FMCG firm Procter & Gamble (P&G) has discontinued manufacture and sale of its popular brand 'Vicks Action 500 Extra' with immediate effect after the government banned 344 fixed dose combination drugs. The company has also said that it will challenge the ban.
Here's is an all you need to know about the development:
What is the ban all about?
The government on Monday banned 344 fixed dose combination (FDC) drugs, including several antibiotics and analgesics, saying that a government-appointed panel of experts had found the combinations lacked "therapeutic justification". An FDC is a drug that is a combination of two or more drugs in fixed proportion. Vicks Action 500 extra is a combination of Paracetamol, Phenylephrine and Caffeine.
According to the notification, the government, as per the recommendation of an expert committee, found that "it is necessary and expedient in public interest to regulate by way of prohibition of manufacture for sale, sale and distribution for human use" of the drugs.
For a full list of the drugs banned, click here.
What does the move mean for the consumer?
Like Vicks Action 500 Extra, many popular brands are likely to go off the shelves. There will be a scarcity of such OTC drugs, but on the whole the move is indeed good from a health point of view. A report in The Times of India says, the side effects of these drugs mostly go unreported since patients do not generally return to the doctors to consult. Also the mechanism that monitors the healthcare system is weak. According to the report, the health ministry feels such medicines "are causing anti-microbial resistance. The usage could even result in organ-failure, the report says. "Our objective is to ensure only safe products are available in the market. We have reviewed products for several times and there is evidence from research papers and studies to show these medicines are irrational combinations," a healthcare official has been quoted as saying in the ToI report.
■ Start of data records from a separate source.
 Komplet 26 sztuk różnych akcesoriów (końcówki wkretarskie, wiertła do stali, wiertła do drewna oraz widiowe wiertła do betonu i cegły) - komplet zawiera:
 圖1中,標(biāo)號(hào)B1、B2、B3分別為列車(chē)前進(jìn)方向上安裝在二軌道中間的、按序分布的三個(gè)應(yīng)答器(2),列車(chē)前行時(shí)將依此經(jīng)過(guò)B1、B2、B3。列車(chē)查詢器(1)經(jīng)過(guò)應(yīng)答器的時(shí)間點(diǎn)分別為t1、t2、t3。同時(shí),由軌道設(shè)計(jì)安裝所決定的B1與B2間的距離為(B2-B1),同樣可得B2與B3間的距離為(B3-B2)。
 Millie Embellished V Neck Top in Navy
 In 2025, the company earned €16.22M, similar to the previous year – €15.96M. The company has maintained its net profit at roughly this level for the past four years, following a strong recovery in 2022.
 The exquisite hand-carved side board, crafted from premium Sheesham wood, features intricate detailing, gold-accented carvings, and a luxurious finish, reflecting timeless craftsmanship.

What is the industry saying?
The ban has taken the pharma industry by surprise. The Indian Drug Manufacturers' Association has said it is weighing all options. Meanwhile, individual companies are also taking legal route. Abbott, Macleods Pharma and Pfizer have already got relief as court has lifted or stayed the ban. P&G has said it will challenge the ban in the court.
The worry of the industry is understandable. According to estimates, these companies are likely to suffer immediate loss of Rs 1,000 crore. However, the annual loss is pegged at Rs 4,000 crore. This could even go to Rs 10,000 crore, if more drugs are banned. The size of the pharma market in India is estimated to be Rs 1 lakh crore.
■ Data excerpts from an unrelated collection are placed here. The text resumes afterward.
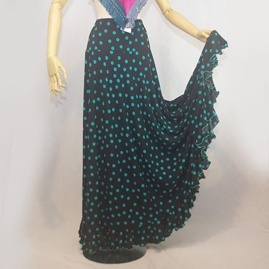 レッスンファルダ フレアータイプ1段フリル 水玉ブラック×グリーン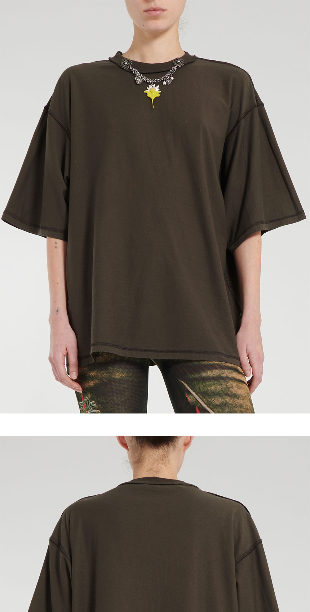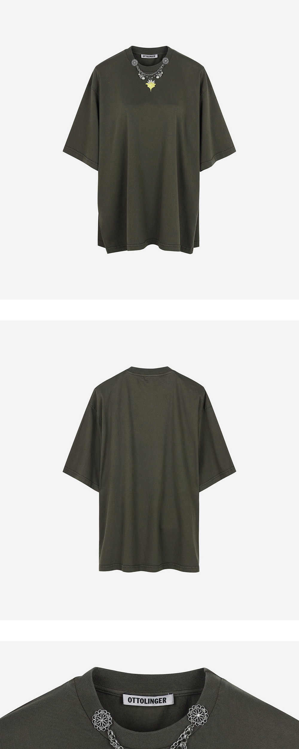 빈티지한 워싱과 펜던트 장식이 돋보이는 오토링거의 오버사이즈 참 티셔츠입니다. - 오버사이즈 핏 - 네크라인의 펜던트 디테일 * 상품마다 참 부분의 개체별 차이가 있을 수 있습니다.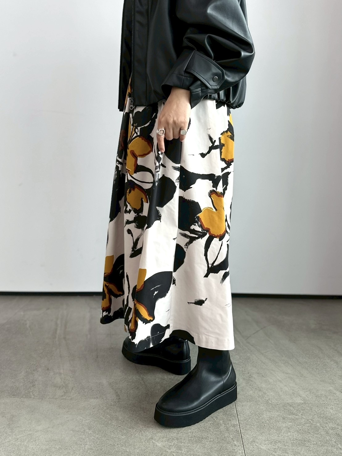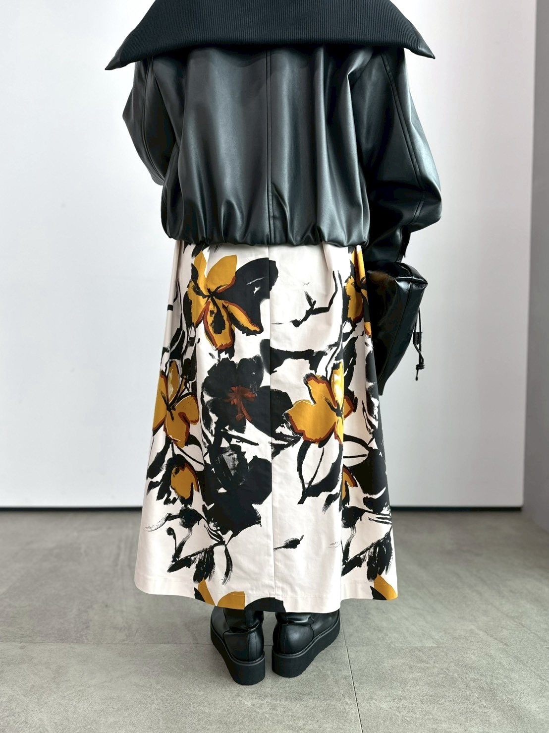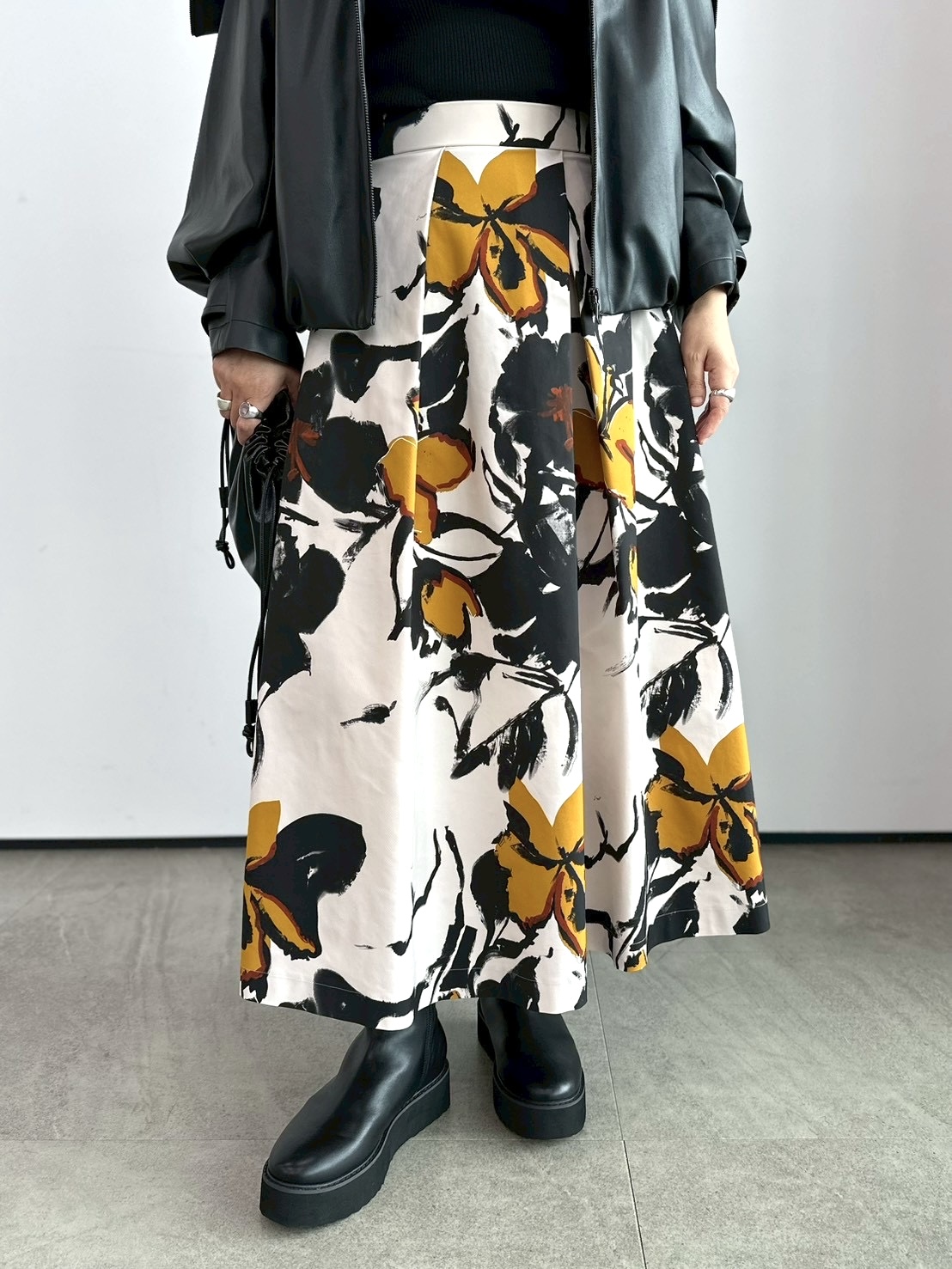 「これまでの『PLST(プラステ)』にはなかった、大胆なフラワープリントに、目が奪われました♡ 華やかだけど、配色は黄色×オレンジ×黒×白の絶妙バランスで、どんな色のトップスとも不思議と馴染んでくれる万能柄です。

More bans and protracted legal battles. According to media reports, there are more bans on the way. This is because, as the ToI report says, there are 1,000 such cases under scanner. Once the government issues ban order, expect more legal battles.
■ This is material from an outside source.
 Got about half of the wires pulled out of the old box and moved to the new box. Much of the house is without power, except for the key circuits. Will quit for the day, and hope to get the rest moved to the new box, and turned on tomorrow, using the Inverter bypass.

The problem of FDCs has been there for quite some time in the country. The companies themselves are some of those banned drugs are being sold in the country for the last 30 years. A report in The Hindu in May 2015 citing a paper published in PLOS Medicine notes that India is flooded with such risky FDCs. The paper is based on a study done in just four therapeutic areas including analgesia, anxiety/ depression and psychosis. "Most of the FDC formulations available in India [in the four therapeutic areas studied] were unavailable in either UK or the U.S," the report says quoting from the paper.
All in all, 344 is just the tip of the iceberg.